Ask an average marketer in India about how she measures the return on investment of her marketing spends on Facebook or Google, the obvious answer would be an ‘attribution’ method of measuring the ‘last click’ that would have converted into sales.
The big question to be asked is whether it is fair to allocate more money to Facebook or Google just because the final conversion came from either of these platforms. After seeing the ad on these platforms, the customer could have also visited other online platforms to read up about the product, even spoken to a sales agent at the company and then gone back to the Facebook or Google ad and clicked on it to finally buy the product. By measuring only the last click, the marketer misses the larger picture of the consumer’s journey where she would have visited multiple other platforms to research the product. Though digital accounts for over 30% of overall marketing spends of India Inc (with digital-first companies spending upwards of 70% of digital advertising), marketing measurement capabilities haven’t kept pace.
A recent Boston Consulting Group (BCG) and Meta (formerly Facebook) study on digital marketing measurement emphasises the need for marketers to look beyond attribution-led models (such as measuring ‘last click’) and invest on more holistic methods that would track a consumer’s complete journey. “You have to see your entire customer journey and attribute the channel which kind of drove the customer back,” says Pallavi Malani, partner and managing director, BCG.
Looking at measurement beyond the ‘last click’, becomes all the more important in an era where stringent data privacy norms are going to be implemented. The Joint Parliamentary Committee report on Personal Data Protection Bill was tabled in the Winter Session. “Third-party cookies will be completely depreciated in the next few years. Apple is already blocking some of its identifiers and this could add to the complexity of how you measure,” Malani explains.

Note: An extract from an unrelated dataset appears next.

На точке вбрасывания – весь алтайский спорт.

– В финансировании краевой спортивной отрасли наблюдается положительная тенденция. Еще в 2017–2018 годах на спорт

So, how does one measure a consumer’s digital journey more holistically? The BCG-Meta report recommends measurement of incrementality. It is all about measuring that real impact of marketing on business outcomes. So, if a marketer increases digital spends in certain markets and finds a spike in sales there compared to other markets where spends weren't raised in the same period, it would mean the campaign was effective. “It is taking two identical sets called test and control groups, exposing one to a marketing intervention and seeing what incremental impact that intervention leads to,” says Malani.

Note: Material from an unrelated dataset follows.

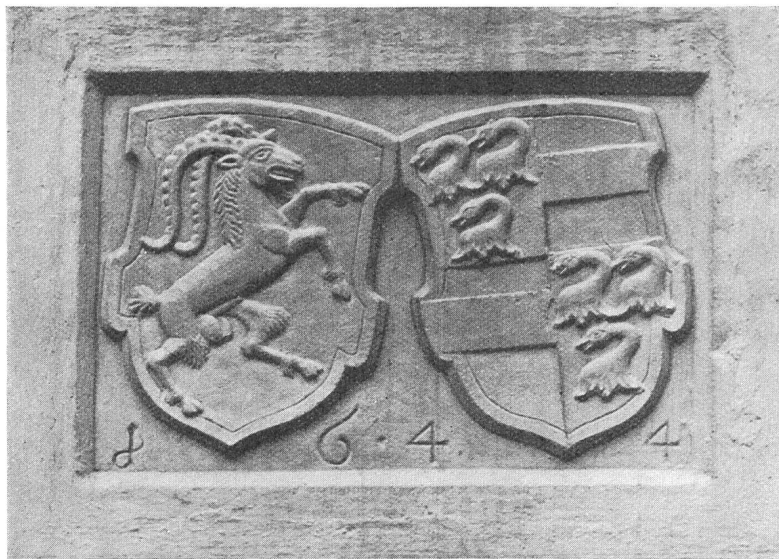
Fig. 119. Wappenplatte am Beneficiatenhaus St. Catharinae: Bistum und von Flugi.

Nach dieser Zusammenstellung des Bistums- und Domkapitelswappens und derjenigen von 1603, also des Hochstiftswappens, das immer wiederkehrt, erkennt man, wie das Wappen des Gotteshausbundes sein sollte, nämlich Madonna und Steinbock. Die Madonna ist nicht bloss Schildhalterin, sondern wirkliche Wappenfigur. Die besonders malerisch schöne Arbeit von Pietro von Salis („Wappen,

Pratham Hegde, director and head of measurement at Meta says, if companies really want marketing to be the engine of growth, measuring incrementality becomes imperative. “What’s the true incremental ROI of your ad spend? The number which you are seeing on the dashboard could be distorted because the conversion could have happened without having spent on the ad on that particular platform,” explains Hegde.
The BCG-Meta report claims that incrementality has delivered results globally. Brands such as Airbnb, Netflix, Diageo, Dominos and Under Armour, which have invested in measurement tools that measure incrementality have witnessed a 50%-60% uplift in sales, 8-10-fold increase in ROAS (return on ad spend), six-fold higher conversion rates and a 35%-40% higher ad performance.

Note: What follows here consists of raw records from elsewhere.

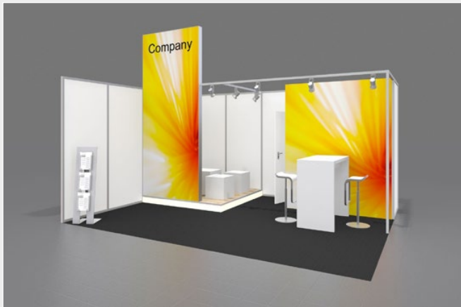
Musterskizze Komplettpaket · Example of complete package

buchbar ab 20 m 2 can be booked from 20 m 2
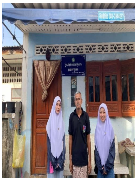
ภาพ ข.๔ ผู้ทรงตรวจแบบสัมภาษณ์และแบบสอบถาม
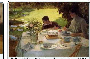
G. De Nittis, Colazione in giardino, 1883

Gustave CAILLEBOTTE Camille PISSARO Alfred SYSLEY
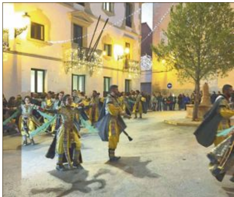
Dansa del Regnat Moro, el dissabte 11 de gener
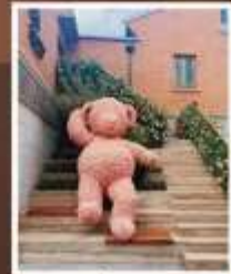
ลัคชีชาร์รี่ แลนด์มาร์ก จางหยวน
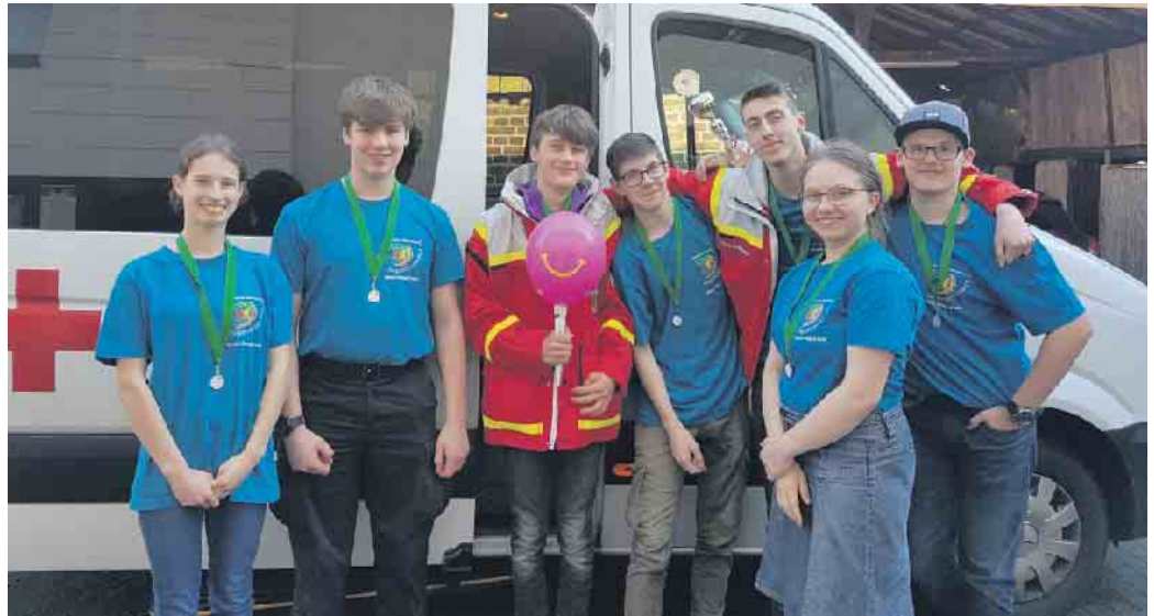
Die stolzen Titelverteidiger - das Jugendsanitätsteam der GE Am Michaelsberg

Unsere Schulgemeinschaft gratuliert ihren Schulsanitäter*innen zur zweiten gewonnenen Landesmeisterschaft.

Nippun Aneja, Chief Business Officer at Purplle.com says that the beauty marketplace, which has off late been spending 100% of its marketing money on digital platforms, has been able to increase its efficiency by 50%. It has been able to target consumers sharply by using tools which are geography specific. The company has started using programmatic advertising in a big way and is on its way to be able to measure incrementality. “Measuring incrementality needs a culture of experimentation within the organisation,” says Aneja.
According to Anshuk Aggarwal, co-founder of digital marketing agency AdYogi, incrementality could be one way to measure ad ROI on digital, but one should also have tools that could do online to offline tracking. “If the conversion is happening outside of online, all those systems are not connected. The point-of-sales system of the retailer doesn’t talk to Facebook or Google. For the measurement tool to be effective it has to integrate Facebook or Google with the website, the POS machine at your store as well as the excel sheets that you are maintaining.”
ROI measurement of digital ads is still a work in progress in India. Most advertisers are still flirting with digital ads. Though the pandemic has forced them to increase their spends on digital platforms as consumers have gone digital, measuring efficacy is still an after-thought for most. Dolly Jha, country head, Nielsen Media, says that she is measuring 40% more campaigns today than she did last year. “Companies are measuring on-target performance, unique audience, the kind of reach the campaign has been able to garner and the overall impact of the digital campaign on their ROI, but that is only 20% of the overall digital advertisers.”